Historical population
| Census | Pop. | Note | %± |
| 2000 | 597 |  | — |
| 2010 | 581 |  | −2.7% |
| 2020 | 622 |  | 7.1% |
| 2023 (est.) | 612 |  | −1.6% |
U.S. Decennial Census

==Geography==
According to the United States Census Bureau, the township has a total area of 33.7 sqmi, of which 33.5 sqmi is land and 0.2 sqmi (0.45%) is water.

=== Adjacent townships and areas ===
(Clockwise)
- Westfield Township
- Chatham Township; Shippen Township
- Gaines Township
- Pike Township; Hector Township

==Demographics==
As of the census of 2000, there were 597 people, 235 households, and 175 families residing in the township. The population density was 17.8 people per square mile (6.9/km^{2}). There were 411 housing units at an average density of 12.3/sq mi (4.7/km^{2}). The racial makeup of the township was 99.33% White, 0.17% Native American, 0.17% Asian, and 0.34% from two or more races.

There were 235 households, out of which 25.5% had children under the age of 18 living with them, 66.0% were married couples living together, 6.4% had a female householder with no husband present, and 25.5% were non-families. 22.1% of all households were made up of individuals, and 10.2% had someone living alone who was 65 years of age or older. The average household size was 2.54 and the average family size was 2.94.
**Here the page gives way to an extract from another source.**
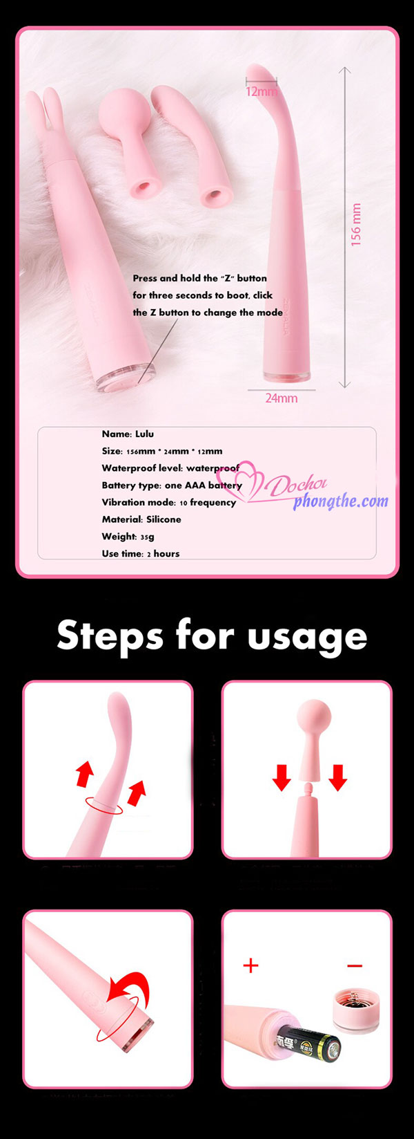 - Điểm ưu nữa của sản phẩm là rung rất êm, khả năng gây ồn là không có. Lulu được sử dụng 1 pin AAA rất tiện lợi và dễ dàng tháo lắp. Sản phẩm được thiết kế chống thấm nước nên các bạn có thể sử dụng Lulu dưới vòi sen hay bồn tắm, 1 cảm giác cũng rất mới lạ và thú vị.

In the township the population was spread out, with 23.5% under the age of 18, 6.9% from 18 to 24, 22.8% from 25 to 44, 32.0% from 45 to 64, and 14.9% who were 65 years of age or older. The median age was 44 years. For every 100 females, there were 100.3 males. For every 100 females age 18 and over, there were 90.4 males.

The median income for a household in the township was $25,750, and the median income for a family was $28,889. Males had a median income of $26,250 versus $20,104 for females. The per capita income for the township was $12,280. About 21.2% of families and 27.3% of the population were below the poverty line, including 44.1% of those under age 18 and 20.2% of those age 65 or over.

==Communities and locations==
- Azelta - A village in the eastern part of the township.
- Beechwood Lake - A small lake in the central part of the township, between Sabinsville and Azelta.
- Clymer - A village in the western part of the township, near the Potter County line.
- Davis - A village on Pennsylvania Route 349 in the southwestern part of the township.
- Sabinsville - A village on Pennsylvania Route 349 in the northern part of the township.